For example, if we check the DB System we used for the previous articles, we can see that even if it’s a HeatWave compatible shape, the HeatWave cluster is not yet enabled:
So yes, HeatWave can be used on this system, but only once the HeatWave Cluster will be created.
Is HeatWave enabled ?
We saw that HeatWave is not enabled by default even if we use a HeatWave compatible shape.
We can click Edit next to HeatWave cluster: Disabled on the picture above or select HeatWave on the menu on the left:
Before the creation of the HeatWave Cluster, we can also check with the SQL interface if the HeatWave service is ready:
show global status like 'rapid_service_status';
+----------------------+---------+
| Variable_name | Value |
+----------------------+---------+
| rapid_service_status | OFFLINE |
+----------------------+---------+
1 row in set (0.0011 sec)
OFFLINE
means it’s not ready. The Storage Engine’s name for HeatWave is RAPID.
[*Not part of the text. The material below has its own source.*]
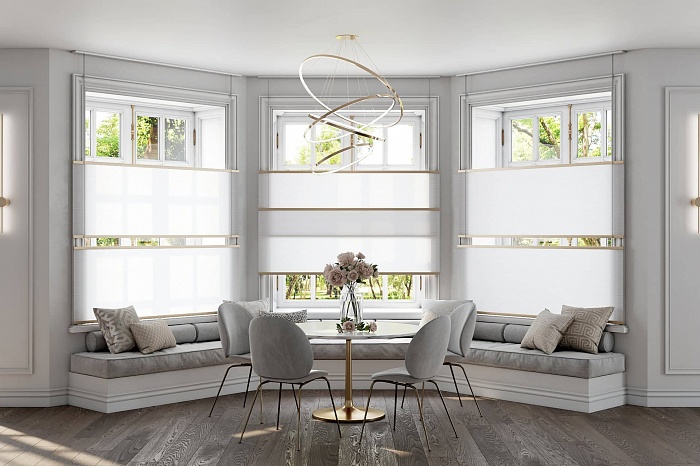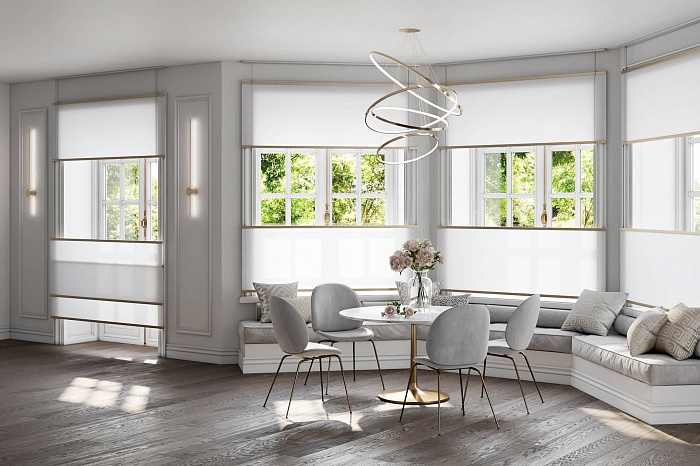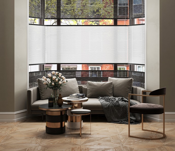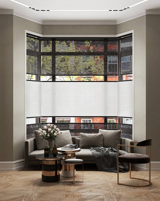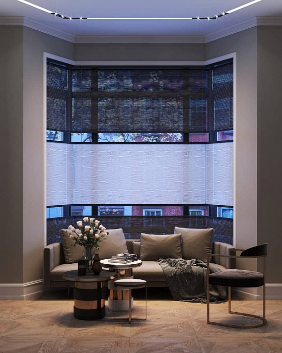 Innovative screens with various textures and light transmission qualities will perfectly fit into the impeccable geometry of your bay window and fulfill the room with warmth and comfort. With high-tech Wood & Washi solutions the use of the window space will be as functional as possible. If necessary you can adjust the level of illumination or gently control the light flux to create a special atmosphere in the room. Our friendly team will be glad to help you choose the best solution for a bay window of any complexity and emphasize your interior’s uniqueness.
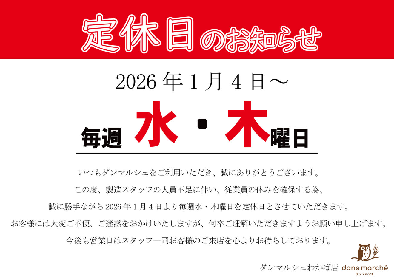 この度、ダンマルシェわかば店では2026年1月より、定休日を毎週水曜日・木曜日の2日間とさせていただくことになりました。

Once the cluster is created we can see that HeatWave is enabled:
And in SQL:
select * from performance_schema.global_status
where variable_name in ('rapid_resize_status',
'rapid_service_status','rapid_cluster_ready_number');
+----------------------------+--------------------+
| VARIABLE_NAME | VARIABLE_VALUE |
+----------------------------+--------------------+
| rapid_cluster_ready_number | 1 |
| rapid_resize_status | RESIZE_UNSUPPORTED |
| rapid_service_status | ONLINE |
+----------------------------+--------------------+
3 rows in set (0.0009 sec)
Is my data ready to benefit from HeatWave ?
To benefit from HeatWave, the data needs to be loaded into the HeatWave Cluster.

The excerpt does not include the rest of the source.